### What this task involves
Only the lines from the first line of the data through the line containing "Aparecida do Taboado" belong in the answer, transcribed exactly; pictures do not.

-- Information supplied follows --

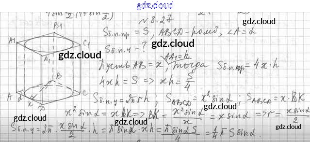 Ответ на задание 8.27 Учебник Геометрия  за 11 (одиннадцатый) класс Мерзляк, Номировский, Полонский, Якир Алгоритм успеха Базовый уровень 2019
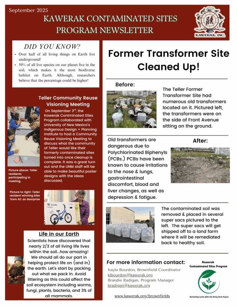 Kawerak’s Contaminated Sites Program includes the Brownfields Program, which is designed to help the region’s tribes and other stakeholders within villages work together to prevent, assess, clean-up and reuse brownfields.
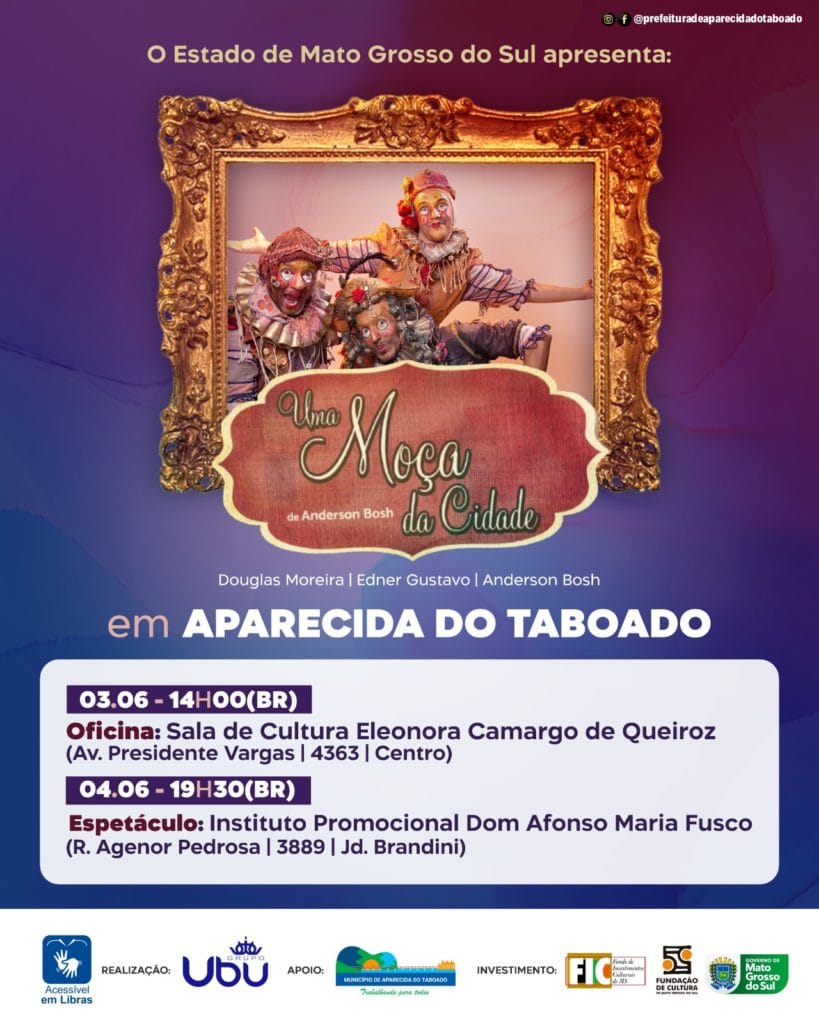Aparecida do Taboado (MS) – Pela segunda vez, o Grupo de Artes Cênicas UBU estará no município e apresentará gratuitamente a peça “Uma Moça da Cidade”, através do projeto “Teatro Interior- 2ª Fase”.
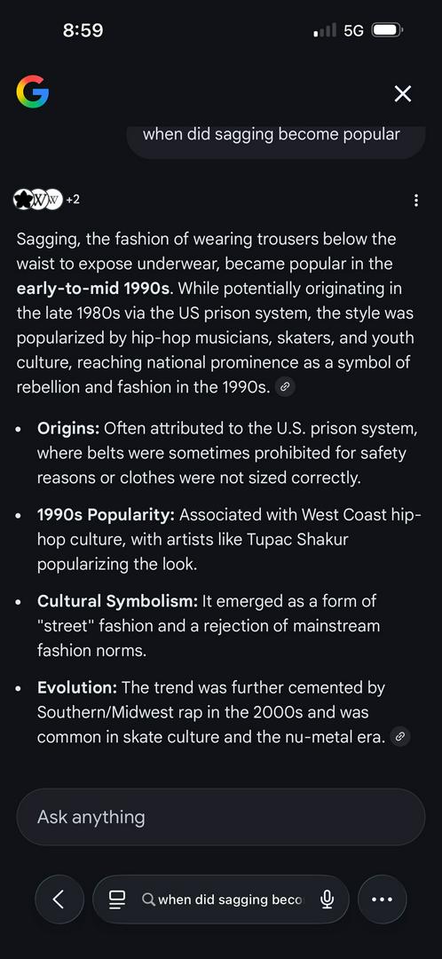 Sagin started in the poor communities where people could not afford new pants.And when their pants became high waters, they sagged them in wore long shirts to pretend like they were the right size

-- Information supplied concluded --

### Response area
 Ответ на задание 8.27 Учебник Геометрия  за 11 (одиннадцатый) класс Мерзляк, Номировский, Полонский, Якир Алгоритм успеха Базовый уровень 2019
 Kawerak’s Contaminated Sites Program includes the Brownfields Program, which is designed to help the region’s tribes and other stakeholders within villages work together to prevent, assess, clean-up and reuse brownfields.
Aparecida do Taboado (MS) – Pela segunda vez, o Grupo de Artes Cênicas UBU estará no município e apresentará gratuitamente a peça “Uma Moça da Cidade”, através do projeto “Teatro Interior- 2ª Fase”.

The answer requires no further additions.